When a picture appears in the listing, leave it out and copy the rest exactly as it stands.

* AVAILABLE DATA:
**********

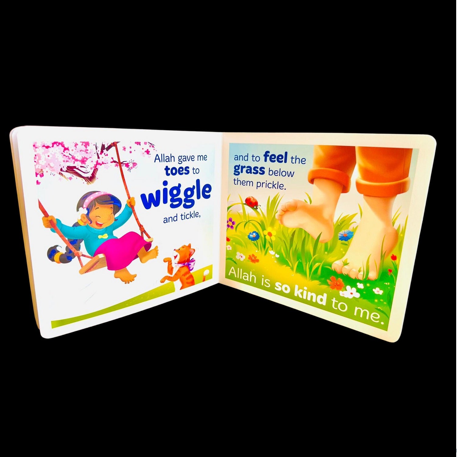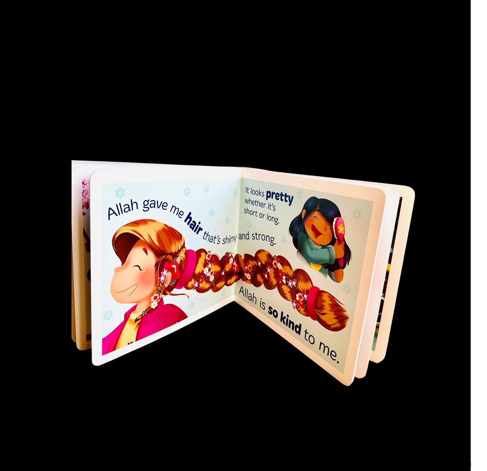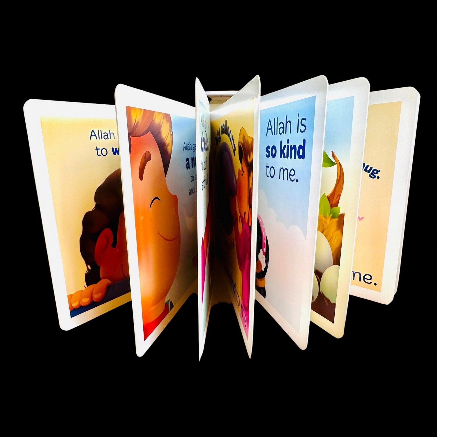 Captivating illustrations featuring boys and girls from different cultures all enjoying Allah’s kindness.
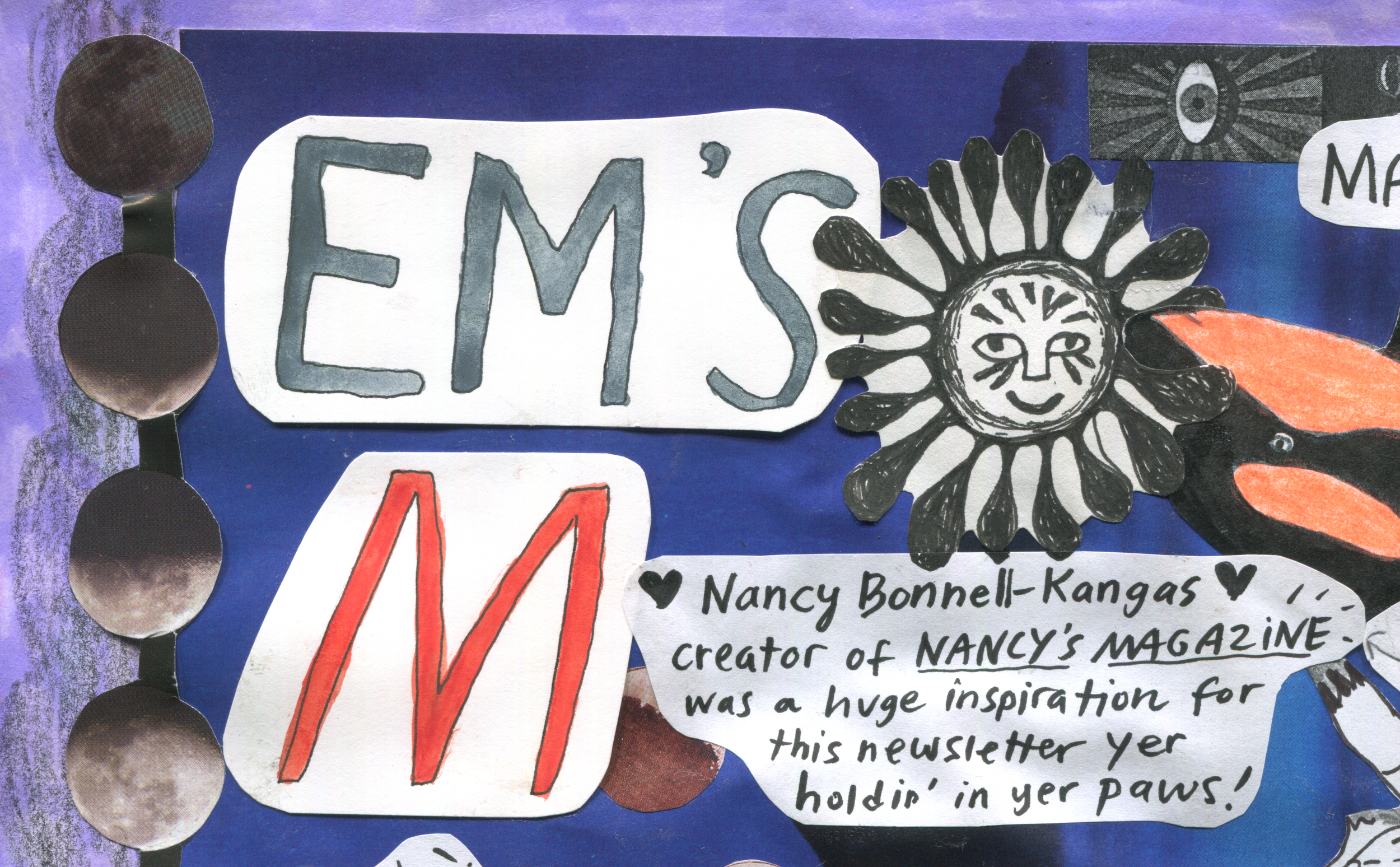 I create a collage+type, monthly, snail mail newsletter called EM(ily)’s M(agazine) and you can subscribe - starting at just $3/month - below!
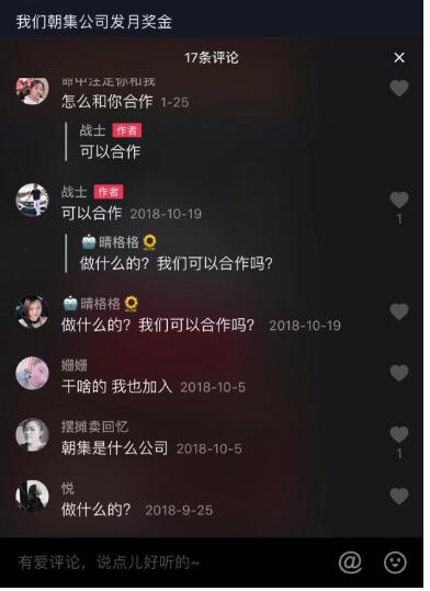 “财富”总是许多微商喜欢宣传的一种方式,也确实能吸引到相当多的人。在某短视频平台上,网信君发现一个小视频中码着一摞摞现金,是朝集公司颁发月奖金的情景。视频下许多用户纷纷留言询问“如何合作”。
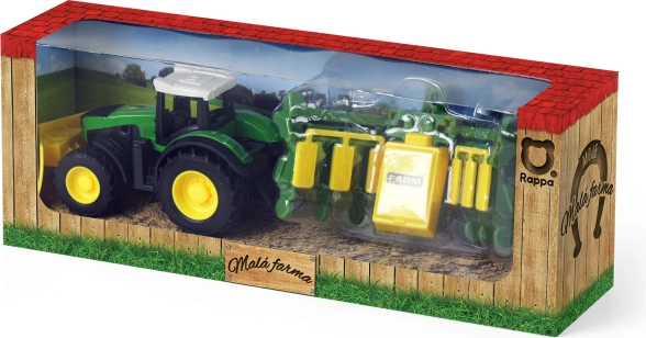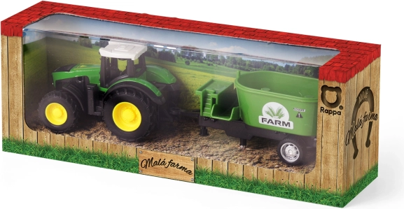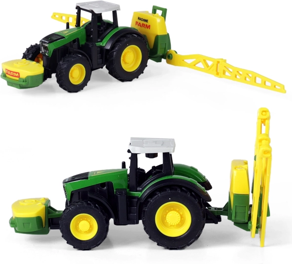 A traktor utánfutóval a részletekre való odafigyeléssel készült, valódi mezőgazdasági gépek mintájára, amely segíti az oktató jellegű játékot.
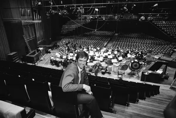 Konserthuset: Siste forberedelser i forbindelse med åpningen. Ventilasjonstekniker Bjørn Johansen tar seg fem minutter for å høre på Filharmonisk Selskapsorkester..Mars 1977
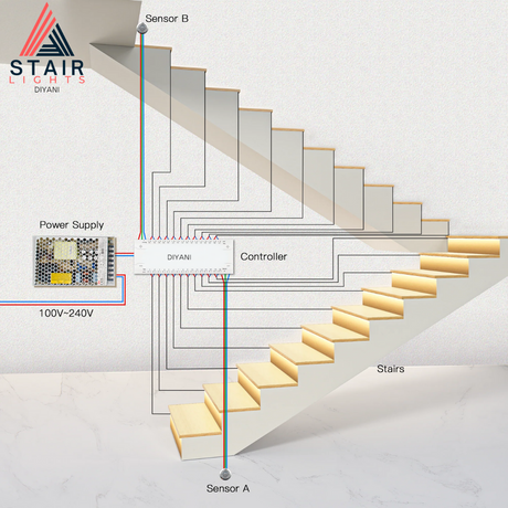Dynamische Treppenbeleuchtung DIY Set | 100 cm breit | bis zu 16 Stufen
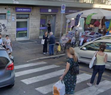 Viale G. Marconi, in prossimità di Piazza E. Fermi, nel tratto più popoloso di fronte al semaforo e ...
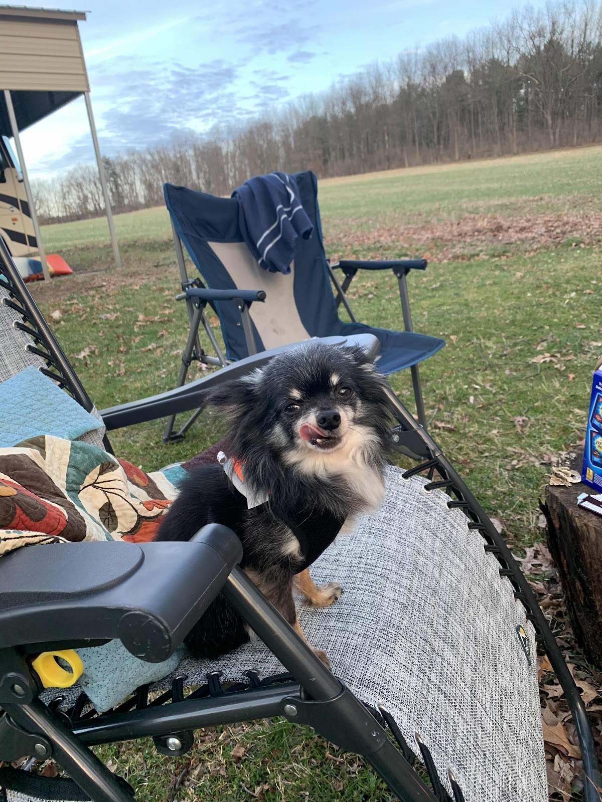 We have the motor home parked in her carport, but she’s facing the fire pit. As the days get nicer, we’re “camped out” there!
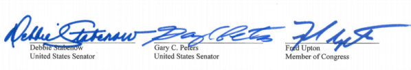 The Michigan Senators and the entire Congressional Delegation from Michigan submitted a letter to Lieutenant General Samuel A. Greaves, who is the director of the Missile Defense Agency, stating:
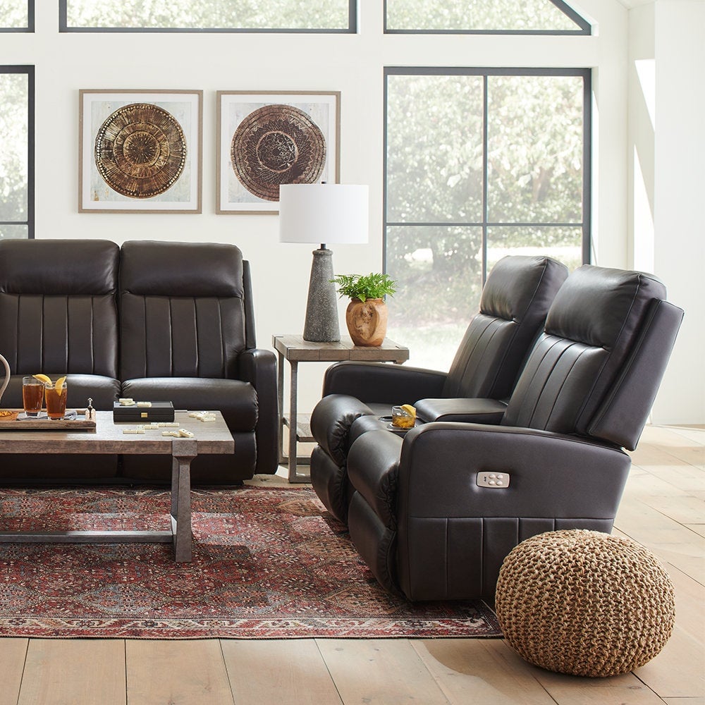 Looking for reclining comfort with contemporary style? The Finley Power Wall Reclining Loveseat with Headrest and Lumbar fits the bill with modern lines, sleek track arms and a tall foam back that gives it a neat and structured look. The ultra-plush chaise seat and legrest cradle the body in a continuous zone of comfort. Simply use the convenient control panels on the outside arms to raise the legrests for reading, relaxing or watching TV.
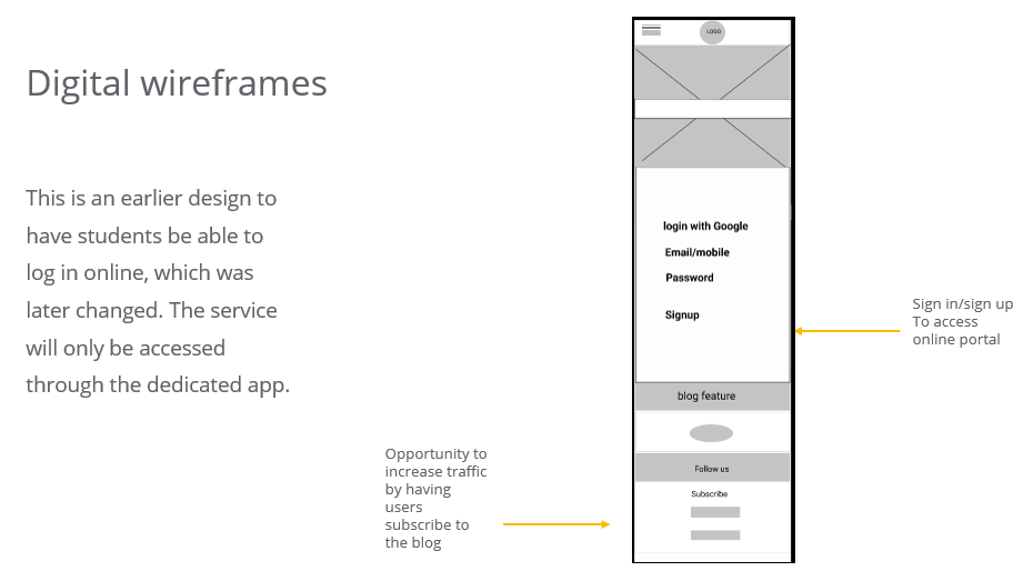 View the HIFI prototype of the dedicated app. Each button takes users to a page for services as indicated

**********

* EXERCISE SOLUTION:
 Captivating illustrations featuring boys and girls from different cultures all enjoying Allah’s kindness.
 I create a collage+type, monthly, snail mail newsletter called EM(ily)’s M(agazine) and you can subscribe - starting at just $3/month - below!
 “财富”总是许多微商喜欢宣传的一种方式,也确实能吸引到相当多的人。在某短视频平台上,网信君发现一个小视频中码着一摞摞现金,是朝集公司颁发月奖金的情景。视频下许多用户纷纷留言询问“如何合作”。
 A traktor utánfutóval a részletekre való odafigyeléssel készült, valódi mezőgazdasági gépek mintájára, amely segíti az oktató jellegű játékot.
 Konserthuset: Siste forberedelser i forbindelse med åpningen. Ventilasjonstekniker Bjørn Johansen tar seg fem minutter for å høre på Filharmonisk Selskapsorkester..Mars 1977
Dynamische Treppenbeleuchtung DIY Set | 100 cm breit | bis zu 16 Stufen
 Viale G. Marconi, in prossimità di Piazza E. Fermi, nel tratto più popoloso di fronte al semaforo e ...
 We have the motor home parked in her carport, but she’s facing the fire pit. As the days get nicer, we’re “camped out” there!
 The Michigan Senators and the entire Congressional Delegation from Michigan submitted a letter to Lieutenant General Samuel A. Greaves, who is the director of the Missile Defense Agency, stating:
 Looking for reclining comfort with contemporary style? The Finley Power Wall Reclining Loveseat with Headrest and Lumbar fits the bill with modern lines, sleek track arms and a tall foam back that gives it a neat and structured look. The ultra-plush chaise seat and legrest cradle the body in a continuous zone of comfort. Simply use the convenient control panels on the outside arms to raise the legrests for reading, relaxing or watching TV.
 View the HIFI prototype of the dedicated app. Each button takes users to a page for services as indicated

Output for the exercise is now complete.